Di particolare interesse è quello Nieddiu che è situato nei pressi di Scala Pomposa (nella Giara) su uno sperone di basalto che sporge dall’altipiano per circa 30 m. Certamente tale nuraghe, vista la sua posizione, costituiva un poderoso sistema di difesa che permetteva l’avvistamento di qualsiasi pericolo. La struttura della torre del Nuraghe, minata ormai dal tempo e dall’incuria, è in opera poliedrica, domina, infatti, l’utilizzo di massi di basalto appena sbozzati ma disposti con cura. Oltre alla torre, il cui diametro è di circa 11 metri e, attualmente, un’altezza di circa tre metri, fino a poco tempo fa era visibile un contrafforte.

Oltre ai nuraghi, sono presenti nel territorio altre strutture risalenti a tale periodo. Sito importante e oggetto recentemente di scavi, è il Pozzo sacro di San Salvatore. Il pozzo è costruito in opera subquadrata ovvero con l’utilizzo di blocchi in pietra tagliati più o meno accuratamente. Nell’area adiacente il pozzo sorgeva una chiesetta probabilmente di epoca Bizantina. A circa 300m. dal pozzo di san Salvatore sono situate “Is lapideddas”: quattro sepolcri megalitici del tipo tombe dei giganti disposti a pochi metri di distanza l’uno dall’altro. La particolarità di queste tipologie monumentali pongono l’accento sull’importanza dal punto di vista archeologico che riveste il territorio di Gonnosnò e sull’eventuale benessere che potrebbe apportare la loro valorizzazione.

Durante il medioevo appartenne al Giudicato di Arborea e fece parte della curatoria di Parte Usellus.

Dopo il crollo del Giudicato, a seguito della sconfitta degli arborensi nella battaglia di Sanluri del 1409, Gonnosnò, insieme a tutto il territorio del Giudicato, passava sotto il diretto controllo della Corona d’Aragona, che lo infeudava alla famiglia dei Carroz, signori della Contea di Quirra. Nel 1603 la contea fu eretta a marchesato e assegnata in feudo ai Centelles de Riusech, famiglia proveniente dalla cittadina valenzana di Oliva.
Nel 1678 a Figu fu istituito il primo Monte granatico della Sardegna

In periodo sabaudo (1720-1861) la villa fu ceduta alla famiglia degli Osorio de la Cueva, alla quale venne riscattata, con la fine del regime feudale, nel 1839.

Gonnonsò presenta diverse eccellenze artistiche e significativi luoghi che meritano una visita turistica.

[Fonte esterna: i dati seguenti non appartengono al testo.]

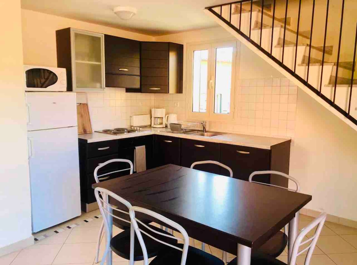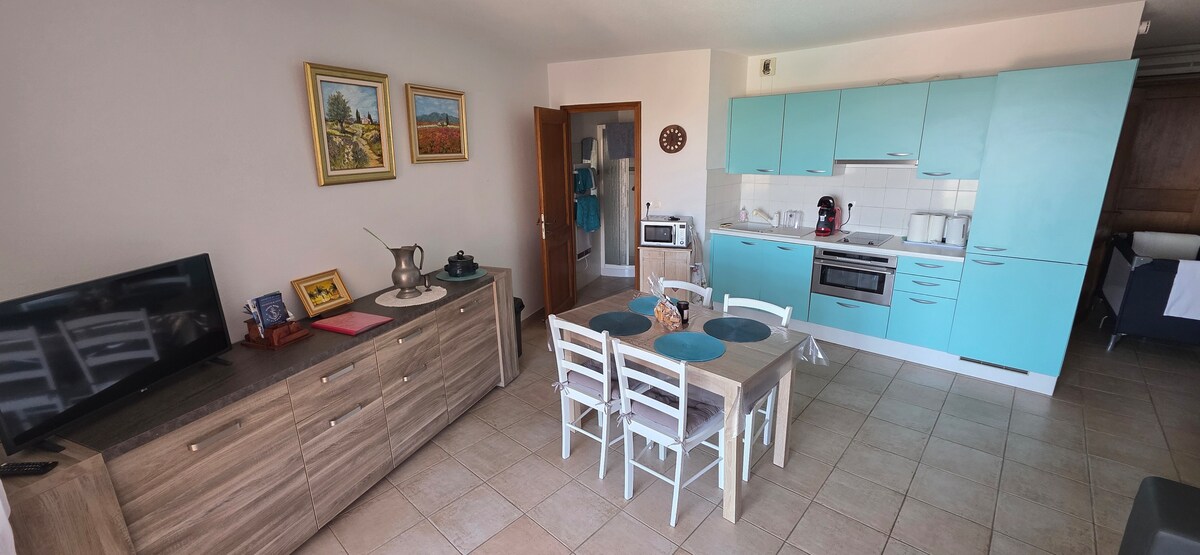 I ett nytt lyxigt boende, mycket trevlig lägenhet för 4 personer, fullt utrustad (wi fi), med kök, matplats-vardagsrum (bäddsoffa 160), ett sovrum med säng 160 och ett badrum, terrass med trädgårdsmöbler och solstol med utsikt över bergen och byarna, privat garage. Lugnt läge, 200 m från alla butiker och sandstranden Njut av den exceptionella fiskmarknaden varje dag.
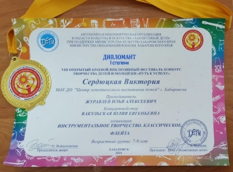 Является победителем отраслевого смотра – конкурса на лучшую организацию летней оздоровительной компании в образовательных организациях г. Хабаровска в 2024 году в номинации «Лучший воспитатель лагеря».
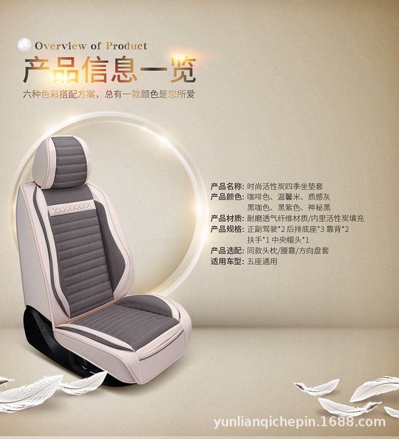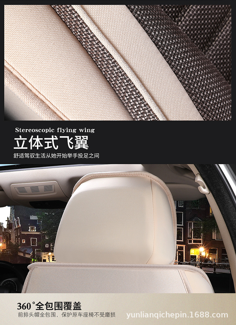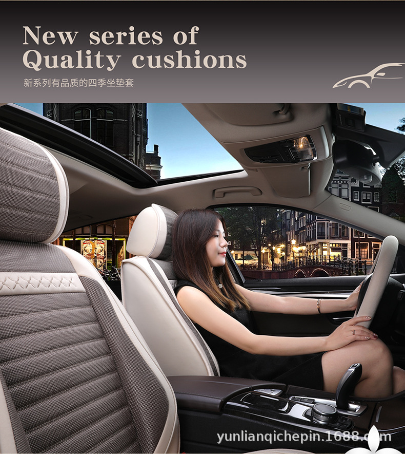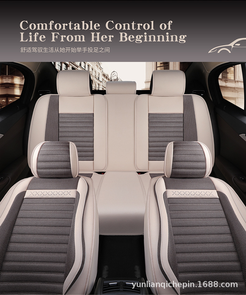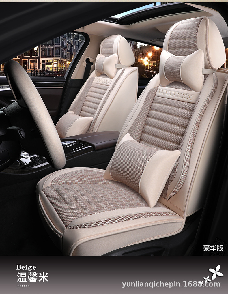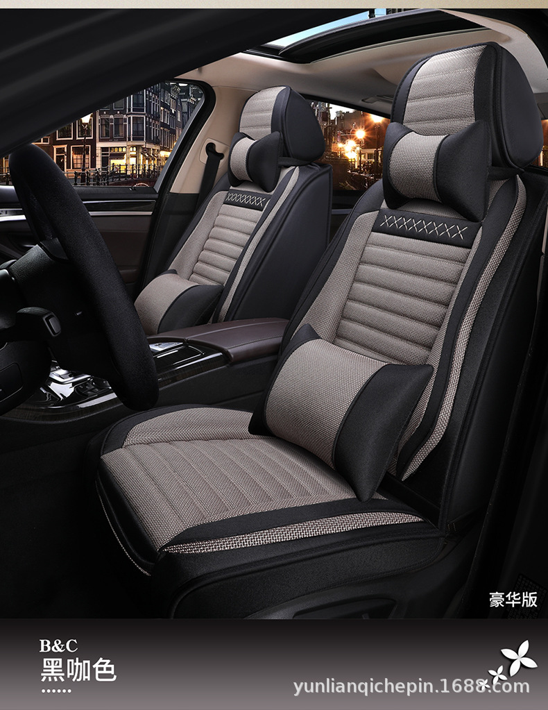 ДомМагазинчехол汽车坐垫四季通用全包围座套亚麻透气布艺坐垫全车五座通用坐垫套
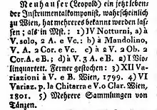 Bone also wrote of Neuhauser's "many unpublished manuscripts for the mandolin and guitar and also four instrumental nocturnes"[1] Konrad Wölki wrote of Neuhauser's four "Notturni for mandolin, violin, two horns and violincello" which were published in handwritten-manuscript form by Johann Traeg, 1799, Vienna.[3]
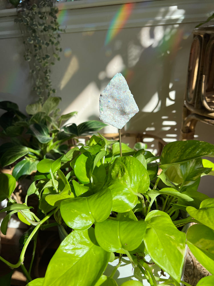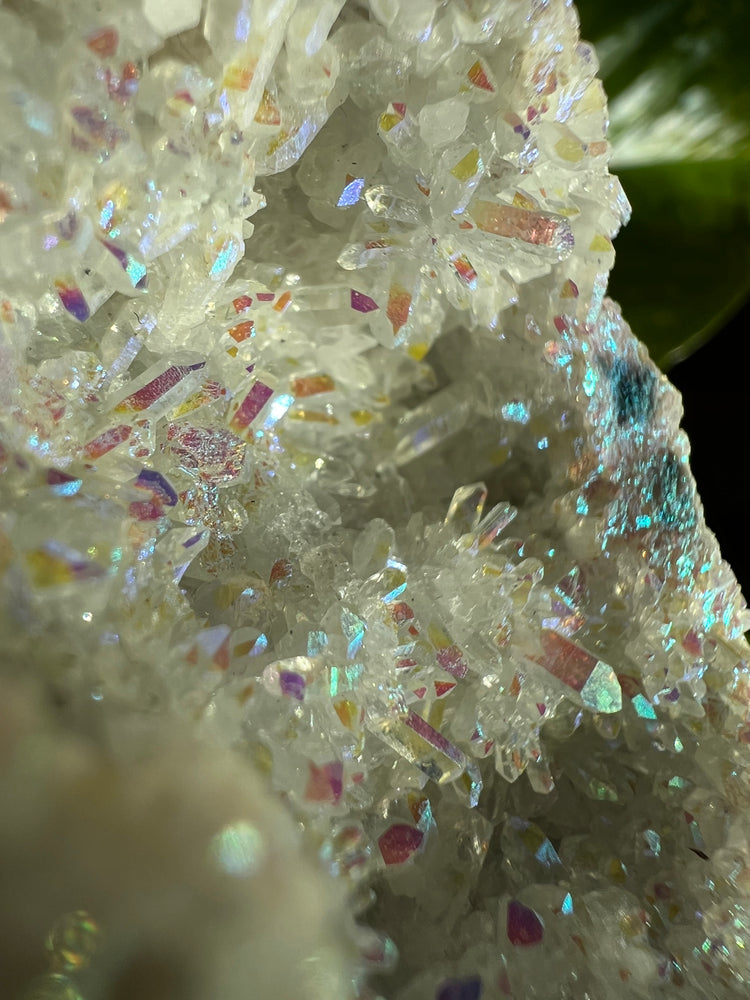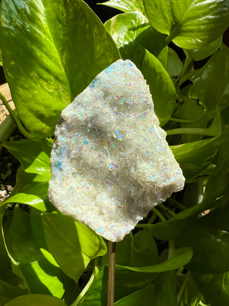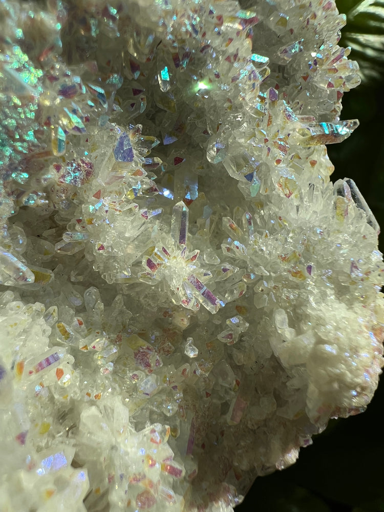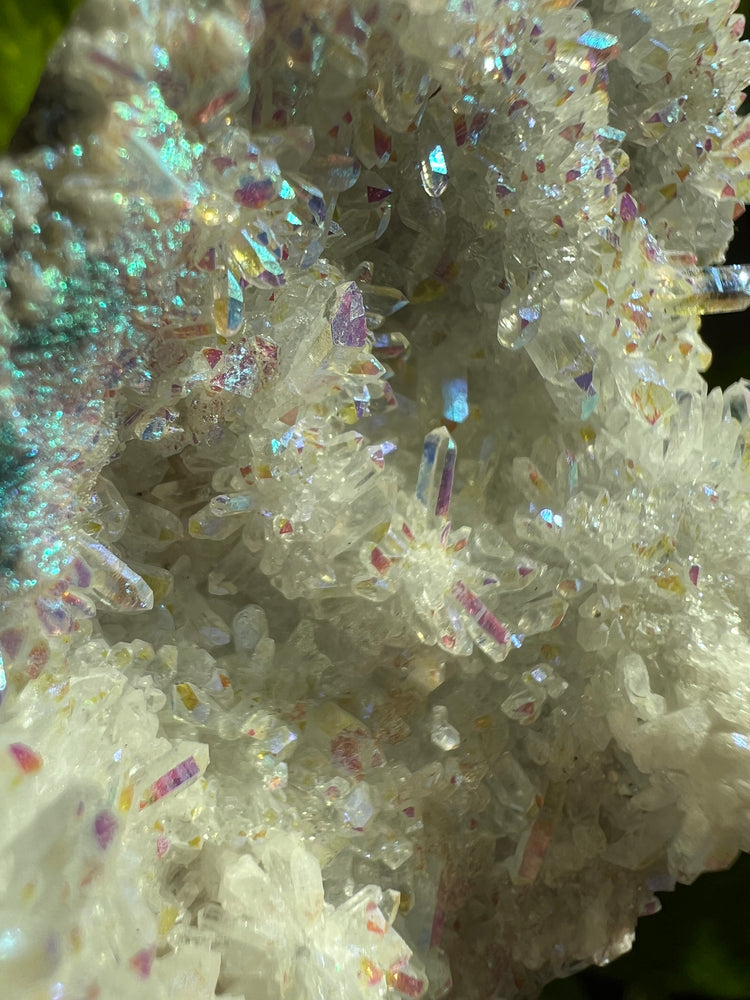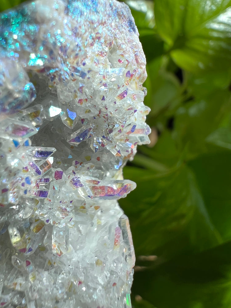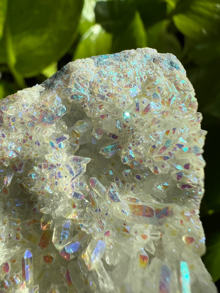 RARE* this angel aura Plant Crystal is incredibly special for its unique crystal growth pattern. It has a mixture of small drusy quartz and long, needle quartz clusters all mixed together in this breathtaking piece. Light, bright and beautiful energy, has incredibly magical rainbows allllll over the entire crystal.
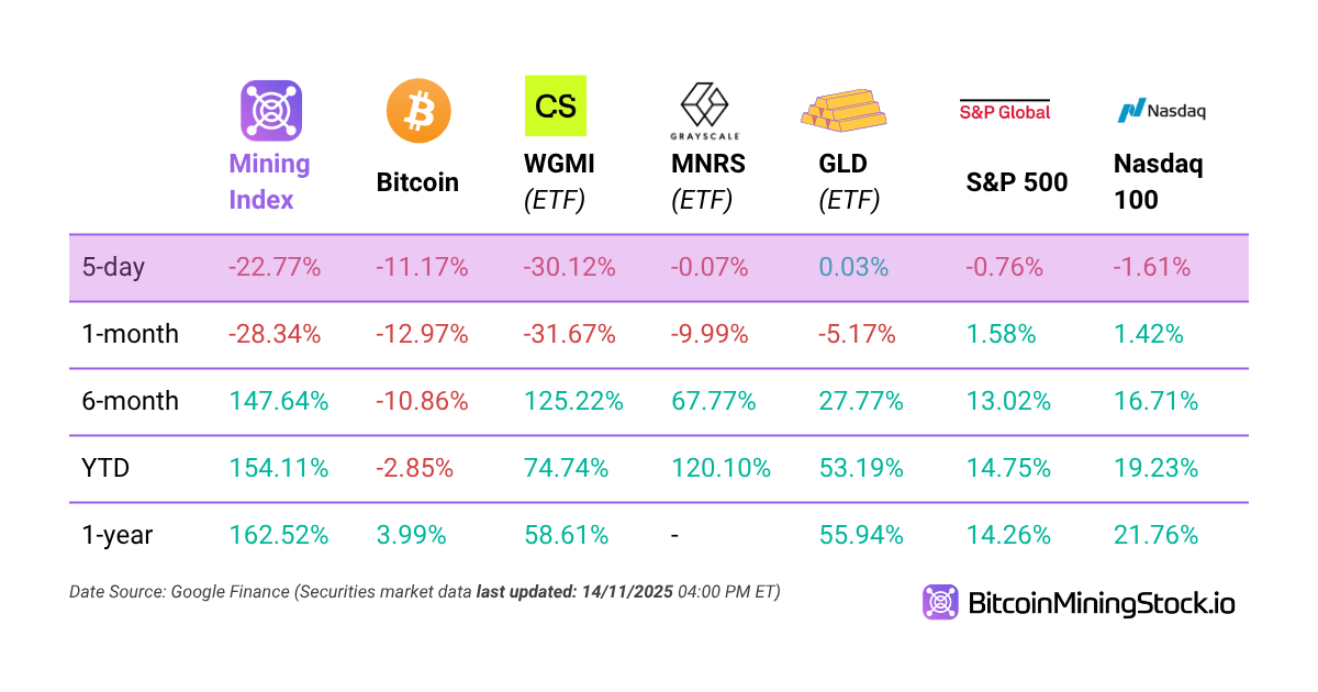 5-D Volatility: Bitcoin mining stocks mirrored Bitcoin鈥檚 price movements in a more volatile way. Here鈥檚 how they performed compared to other major stocks 馃憞
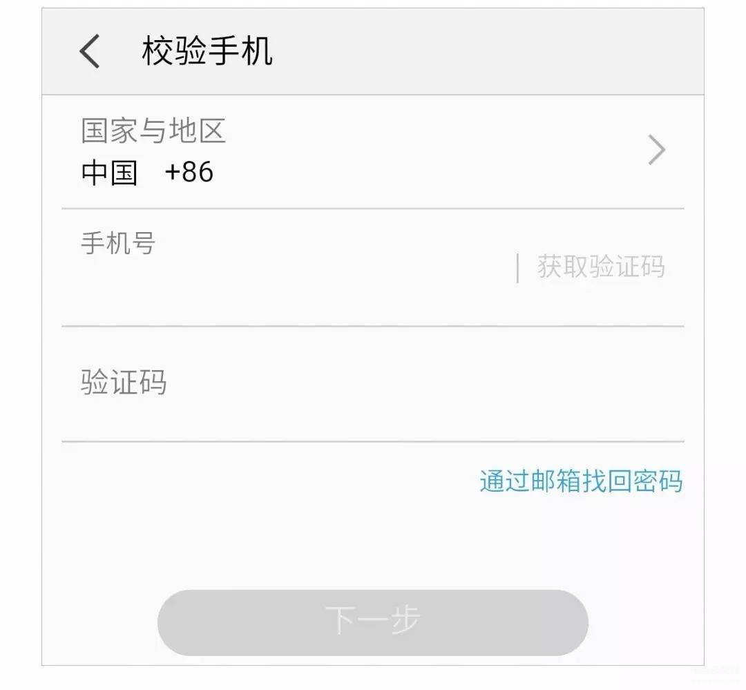 接下来会根据账号绑定的是手机号码还是安全邮箱,对手机或邮箱进行验证,既绑定了手机又绑定了邮箱,会默认验证手机号码,在下方右侧可以切换为「通过邮箱找回密码」。
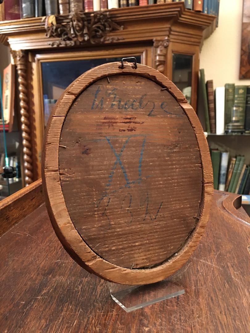 Devotionalien. – Klosterarbeit. – Benno von Meissen (um 1010 – 1106): Klosterarbeit in rundem Eichenrahmen : mittig Bildnis des Hl. Benno, dargestellt als Bischof mit Bischofsstab und Fisch mit Schlüssel, farbige Gouache auf Papier in feinster Qualität, umgeben von feiner Stickerei und Drahtarbeiten mit Goldfäden, Metallplättchen als Blüten auf Textil, das Ganze alt gerahmt unter Glas in ovalem Eichenrahmen. Süddeutsch, um 1750. Masse 20 x 16 cm,
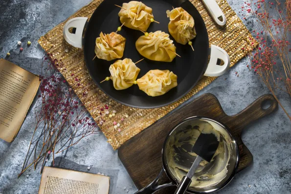 9 Spoon out some Diplomat cream into the middle of the crepe and close the dumpling with a toothpick.
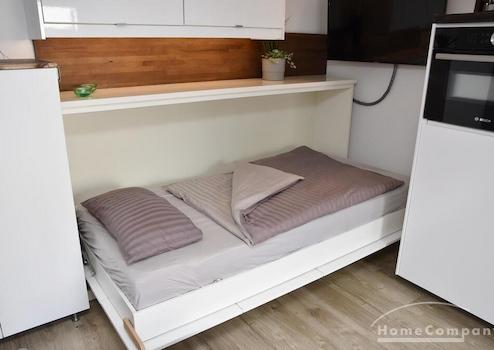 Modernes Apartment im 4.OG mit Aufzug in zentraler Lage, Calenberger Neustadt, 5 Gehminuten bis Innenstadt! Nur an Nichtraucher. Wohn-/Schlafzimmer mit Bett 1,20x2 m, weißes Ledersofa, Tisch mit 2 Stühlen, Flachbild-TV ...
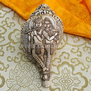 Krishna und Radha verkörpern göttliche Liebe, Hingabe und spirituelle Harmonie. Krishna, oft als Flötenspieler dargestellt, symbolisiert Freude und göttliche Weisheit, während Radha die vollkommene Hingabe und Liebe verkörpert. Ihre Darstellungen inspirieren zu Mitgefühl, Liebe und spiritueller Verbundenheit.
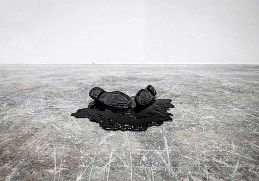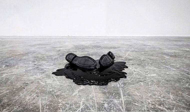 Büşra Çeğil, "FREEDOM OF SPEECH", Poliol, Ayakkabı, Olay Yeri Şeridi_Poliol, Shoes, Crime Scan Tape, 100x100x100x100 cm, 2019, Anna Laudel Istanbul
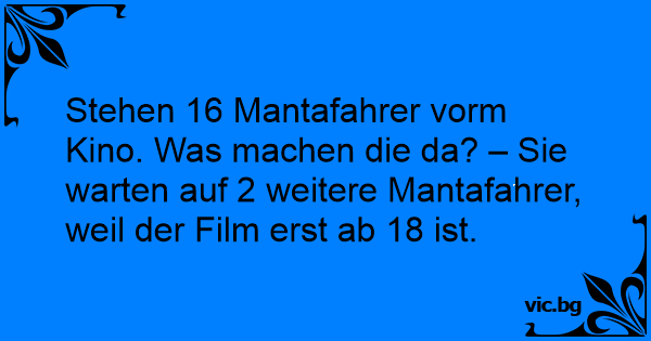 Stehen 16 Mantafahrer vorm Kino. Was machen die da? – Sie warten auf 2 weitere Mantafahrer, weil der Film erst ab 18 ist.
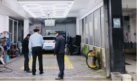 從源頭規(guī)范排水行為后,執(zhí)法人員進一步聚焦設(shè)備維護和作業(yè)流程?!跋窜噺U水必須經(jīng)過嚴格沉淀過濾方能排入市政管網(wǎng)?!眻?zhí)法人員強調(diào)。在后院檢查時,他們發(fā)現(xiàn)部分店鋪沉淀池長期未清掏,幾乎失去過濾功能,排水口也缺失防護網(wǎng)。“必須確保排出的每一滴水都‘清清白白’。”執(zhí)法人員一邊開具整改通知書,一邊演示過濾設(shè)備使用方法。針對兩家占道洗車、污水外流的店鋪,執(zhí)法人員現(xiàn)場教育:“污水流到路面上,不僅影響市容,還可能讓行人滑倒!”通過現(xiàn)場指導,執(zhí)法隊幫助商戶建立規(guī)范化操作流程,讓洗車作業(yè)從“隨意粗放”走向“精細可控”。
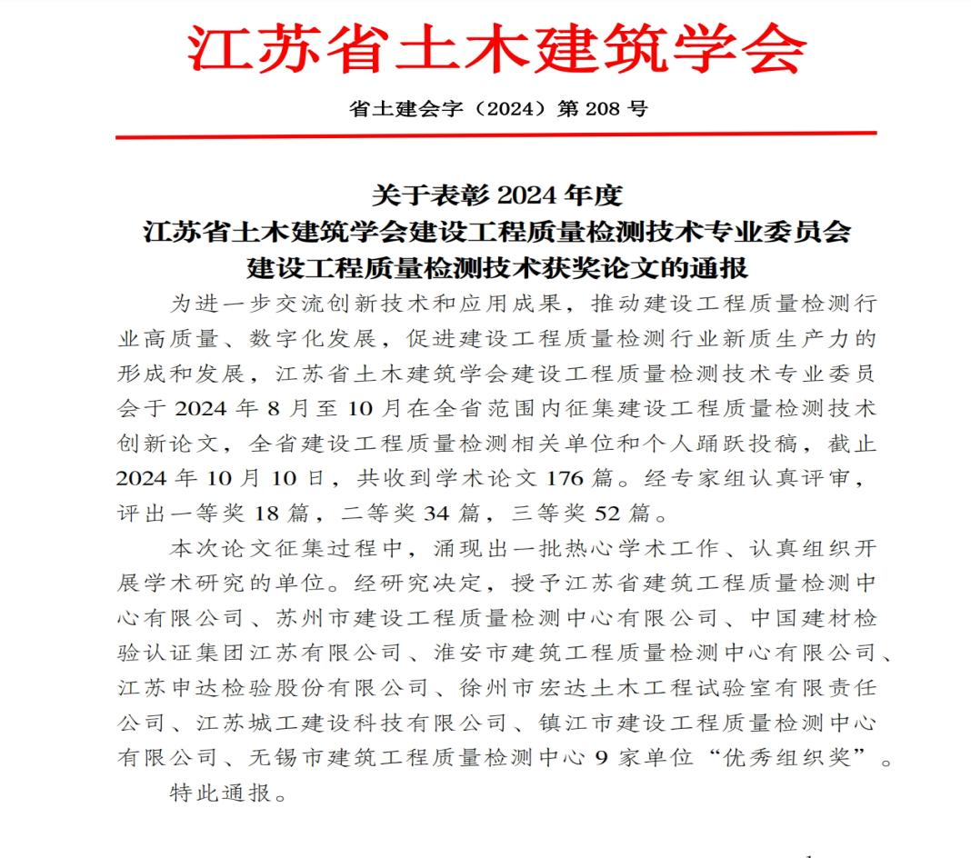 近日,江苏省土木建筑学会建设工程质量检测技术专委会公布了 “2024年度建设工程质量检测技术获奖论文的通报”。在此次通报中,我中心收获颇丰。员工杨继彬、鲍全等人的论文成果卓越,成功摘得学会颁发的优秀论文一等奖桂冠,另有七篇论文凭借其严谨的研究与独特的见解,分别斩获二、三等奖。同时,中心还被授予 “2024 年度优秀组织奖”。
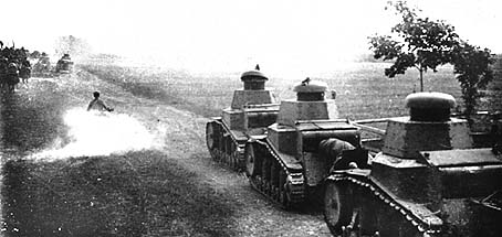 The group commander, S. Vostretsov, underestimated the enemy and therefore did practically nothing to prepare his forces for battle. During the three-month standoff he did not even undertake aerial reconnaissance of the Chinese positions. As a result of this failure, during the course of the battles the Red Army soldiers encountered enemy fortifications in places where they did not expect them. Thus, until the very moment of the attack they believed that the antitank ditch was the first trenchline, and therefore the soldiers and tanks were not equipped with any mean to overcome it. By the efforts of the group commander secrecy was maintained to an absurd level, which led, for example, to the case where the commander of 36th Division for two hours before his unit's departure had to personally run across the frozen steppe in search of his lost ammunition trucks, to whom he had not issued a clear staging point. Taking advantage of moonlight, units departed on 16 November at 11 p.m. and began moving out to jumping-off positions. All roads and fields were covered with a layer of ice from the previous evening's precipitation. Orientation (navigation) was extremely difficult, the more so because the commanders lacked experience in conducting night tactical marches. Units that had been designated to bypass Dzhalaynor station became lost. One battalion, moving at the rear of the column, deviated off to the west from the intended route and fell under withering fire of Chinese machine guns, suffering heavy losses. Regrouping was accomplished too late and by the time it was completed the battalions had to go into battle without any kind of rest. Even up to the time of departure the tank company had not received any kind of order for battle, only its final destination. The tanks had not been topped off with fuel and were practically without ammunition. Three tanks did not have their machine guns mounted. The tank company commander did not have a map of the battle area. It is not surprising that during the night march the tank company became lost and only four tanks arrived at the destination. Here they were refueled and received up to 40 rounds (of a combat norm of 96 rounds). In accordance with the combat plan, the tanks were supposed to support the actions of 107th Rifle Regiment. The tanks that had become lost were not found before the beginning of combat actions. At approximately 1000 the 103d Rifle Regiment and 5th Cavalry Brigade began to attack the northern and southeastern sectors of the Dzhalaynor station defenses. Simultaneously the 107th and 108th Rifle Regiments attacked the enemy on the main axis. It turned out that these units practically did not have artillery support except their organic regiment artillery. It was laughable that comrade Vostretsov assigned a tank company to them (it was actually a platoon). During the attack on the intermediate fortifications the tanks put on a good show attempting to evade the fire of Chinese artillery. They developed too much speed and the Red Army soldiers could not keep up with them. But the objective was achieved and the fortification near hillock # 9 and "Zheleznaya" ("Iron") fell. Later, near noon, the tank unit that now comprised six tanks (two of the lost tanks had arrived at 11:50 a.m.) went into the attack at the main line of the western sector of the Chinese defense. Battalions of the 107th Rifle Regiment were thrown into the attack behind them, but the accelerating tanks suddenly halted in front of the antitank ditch. The soldiers moving behind the tanks, who lacked any makeshift means for overcoming the ditch, also stopped. Having exchanged dozens of fruitless shots with the Chinese, the tanks turned to the south and the sector of attack of 108th Rifle Regiment. Despite the good antitank defense here, the Chinese were unable to knock out a single tank because their artillerymen could not have been worse in their firing. The appearance of tanks did not incite panic among them - just surprise, according to recollections of the participants. The Chinese positions literally bristled with binoculars and telescope tubes. |

Tra i luoghi più caratteristici e caratterizzanti sono la Chiesa di Sant’Elena e e la Chiesa della Natività di Maria Vergine.

La chiesa parrocchiale di Sant’Elena a Gonnosnò è molto antica: il suo campanile del 1645 è uno dei più antichi della Diocesi di Ales. Inizialmente la parte terminale del campanile era fatta a piramide con lastre nere in ardesia. Successivamente, verso la fine del 1600, la sommità del campanile fu modificata e venne realizzata una cupoletta rivestita con 800 tegolini colorati fabbricati dal maestro Agostino Cau, all’epoca fabbricatore di terre cotte di Gonnosnò. Questi tegolini nella metà degli anni settanta furono rimossi per problemi di umidità.

L’interno della chiesa è stata restaurato circa vent’anni fa. Tali opere furono effettuate per mettere in risalto i particolari in pietra, precedentemente intonacati.

All’interno di particolare interesse si trovano le due cappelle risalenti al 1690: la cappella di San Basilio e quella della Madonna del Rosario. Nella cappella di San Basilio fu realizzato da falegnami locali un importante altare ligneo e successivamente nel 1600 fu perfezionato e abbellito con intagli e dorature dal maestro cagliaritano Paolo Spinalis.

Il fonte battesimale risalente al XVII secolo ha un basamento realizzato in pietra e una bussola di copertura lignea con un sportello dipinto nel XVIII secolo. Il pulpito ligneo si regge su un piede a colonna in pietra con capitello realizzato in stile corinzio. Il presbiterio è delimitato da un’elegante balaustrata di pietra del XVIII secolo. L’altare maggiore di pietra, del XIX secolo, ha il paliotto di marmo policromo del 1700.

La santa patrona di Gonnosnò, Sant’Elena Imperatrice, si festeggia il 18 agosto. Momento tra i più suggestivi dei riti religiosi è quello della processione al seguito del simulacro della Santa, che si snoda lungo le vie del centro storico accompagnata da un folto numero di cavalieri provenienti da tutto il territorio, ed è seguita da una solenne messa con panegirico.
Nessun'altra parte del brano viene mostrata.